> **PROVIDED RECORDS**
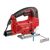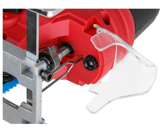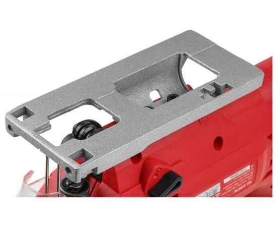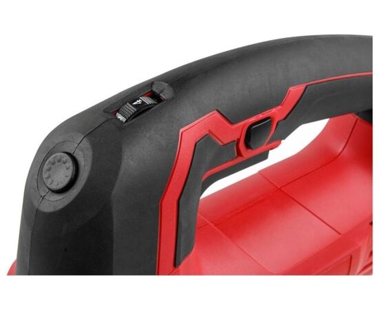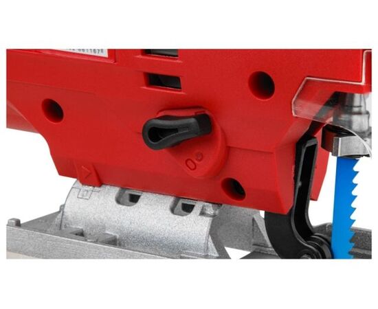Лобзик оснащен удобной, эргономичной прорезиненной рукояткой, для быстрой замены пильных полотен предусмотрен быстрозажимной патрон, наличие маятникового движения с направляющим роликом, позволяет производить быстрые и при этом ровные пропилы. Литая алюминиевая подошва регулируется под разными углами. Возможно подключение пылесоса. Регулировка скорости позволяет использовать лобзик для реза различных материалов. Есть подсветка рабочей зоны.
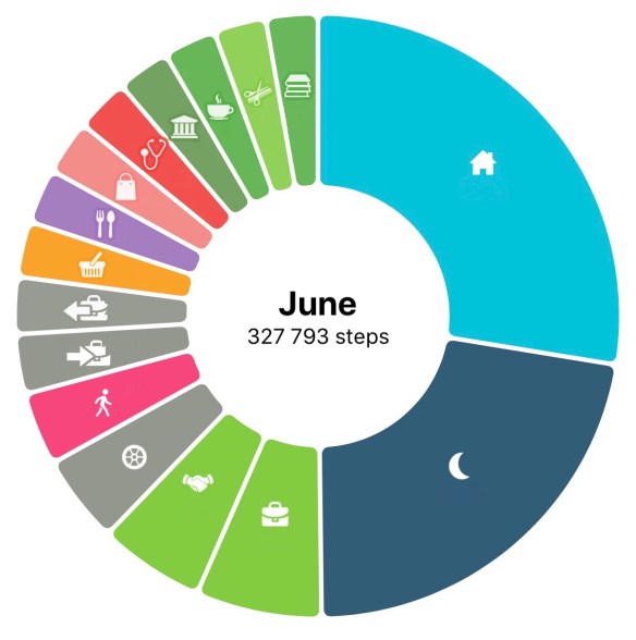 Den stora trenden med promenader håller fortfarande. 297 536 steg blev det totalt under månaden. Det innebär 9917,8 steg/dag. (Måste nog titta på mina skor så det inte snart är hål på sulan) Helt otroligt att jag som brukade presentera mig som idrottsallergiker plötsligt har blivit en regelbunden motionär. Fast allt prat om att det kommer bli en vana, ett måste att gå varje dag, nej det har jag inte märkt av ännu.
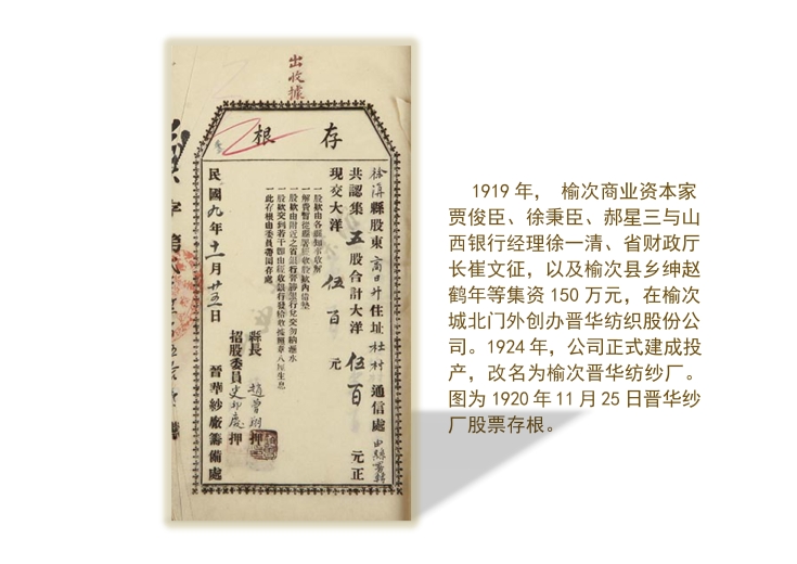1920年11月25日晋华纱厂股票存根
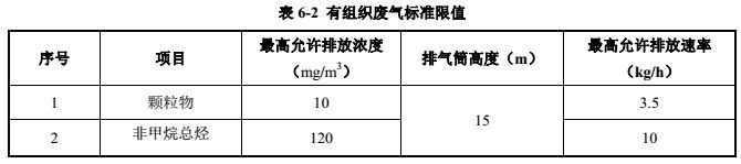 本项目产生的主要废气为非甲烷总烃及粉尘。非甲烷总烃经集气罩抽负压收集后进入UV光催化氧化处理然后通过  15米高排气筒排放,非甲烷总烃能够满足《大气污染物综合排放标准》(GB 16297-1996)表 2中有组织排放二级标准中最高允许排放速率限值(排气筒高度15m,10kg/h)最高排放浓度(120mg/m3)。
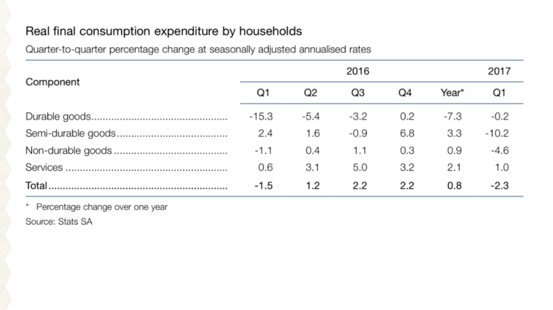 While in the secondary sector, largely manufacturing is contracting (-3.4) in Q1 2017,compared to 0.6% growth in Q1 2016. Tertiary and non-primary sector activity are the key (sudden) sources of contraction -2% and -2.3%, respectively. Such contractions are reinforced by higher inventories and lower sales at wholesale level particularly due to contracting consumer expenditure. In particular, real expenditure for households is contracting across all goods and services — red flagging the secondary and tertiary sector contractions. These are domestic issues, and transport and logistics costs are a crucial link between all sectors and services throughout the domestic production and consumption chain.

> **EXERCISE GOAL**
Quote only what lies between the first line of the records and the line containing "1920年11月25日晋华纱厂股票存根", please, including both lines and excluding images.

> **TASK RESPONSE**
Лобзик оснащен удобной, эргономичной прорезиненной рукояткой, для быстрой замены пильных полотен предусмотрен быстрозажимной патрон, наличие маятникового движения с направляющим роликом, позволяет производить быстрые и при этом ровные пропилы. Литая алюминиевая подошва регулируется под разными углами. Возможно подключение пылесоса. Регулировка скорости позволяет использовать лобзик для реза различных материалов. Есть подсветка рабочей зоны.
 Den stora trenden med promenader håller fortfarande. 297 536 steg blev det totalt under månaden. Det innebär 9917,8 steg/dag. (Måste nog titta på mina skor så det inte snart är hål på sulan) Helt otroligt att jag som brukade presentera mig som idrottsallergiker plötsligt har blivit en regelbunden motionär. Fast allt prat om att det kommer bli en vana, ett måste att gå varje dag, nej det har jag inte märkt av ännu.
1920年11月25日晋华纱厂股票存根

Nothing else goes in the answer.